I’ve had this book on my shelf for some two years, but hesitated reading it because well, from some reviews it just sounded too gimicky. It was- and it wasn’t. Very clever the wordplay, plenty of charm and humor throughout and yet how sobering the underlying message. The premise starts out with something rather ridiculous- there’s a small self-governing island where everybody loves language and letter-writing. It was founded by the man who created the famous pangram (a sentence using all the letters of the alphabet) the quick brown fox jumps over the lazy dog. He’s so revered there’s a statue to him with the sentence below in tiles. One day a tile falls off: the letter Z.
Ella Minnow Pea has been reviewed all over the book blogs. Below is just a sampling:
7 Responses
What a strange plot that is. Can't say I've ever run into anything remotely like it, so I'll see if my library has it…but they probably won't because libraries seem to have a pretty high turnover rate these days unless the book is by some famous author or became a bestseller when published. Well, we'll see.
Well, I'm shocked…my library system DID have it, and I've even found that five other people are ahead of me waiting on it. Nice surprise.
It was pretty popular when it first came out- I felt like I was the only one who hadn't read it yet! Will look for your take on it- the wordplay is fun and the degradation of people's lives alarming, if you can just get past the rather ludicrous premise.

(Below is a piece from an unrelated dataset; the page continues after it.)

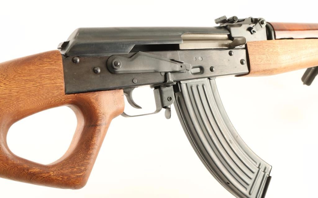 'Pre-ban' Chinese made semi-automatic variant of the RPK light machine gun chambered in 7.62x39mm. Imported by CSI of Ontario, C.A. with import marks on the receiver. Features a blued finish, 21" threaded barrel, thread protector, shrouded post front sight, tangent rear sight graduated to 800 meters, adjustable folding bi-pod, manual safety/dust cover, smooth trigger, and smooth wood handguard, forend & thumbhole pistol grip shoulder stock. Rifle retains approximately 85% of it's original blued finish showing thinning on the sides of the gas block and upper portion of the receiver which exhibits a browning patina. Action is smooth, bore is pristine, are wood stocks are fine. Condition is very good+++. ***Modern Firearm***
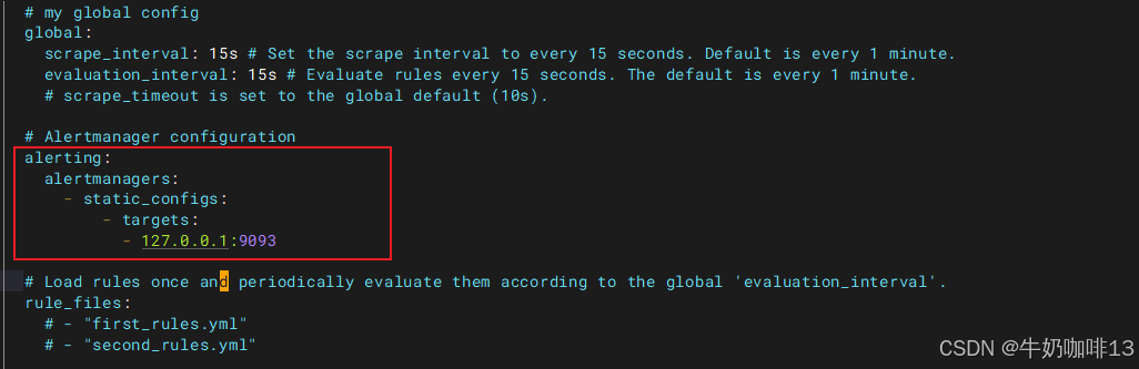默认情况下prometheus server与Alertmanager是相互独立的两个组件,要使他们协作起来,需要在prometheus server上prometheus.yml文件中打开如下配置即可:

I really love this book! There's something about it that just makes me smile every time I read it. 🙂
Interesting! I'm not sure it would work for me, I don't like unusual spellings or things written phonetically (I have dyslexia, my brain can't wrap around phonic spelling). But the plot sounds good though!–Thistle
It was pretty fun, wasn't it?
The beginning you might enjoy- as it was mostly wordplay with lots of unusual words- but the ending was a bit of a struggle. I had to focus a lot on the last handful of chapters, but I did like it still. I found it quite unique and it had a lot of messages undercurrent about government control and how much people were able to justify and/or follow the ridiculous edicts.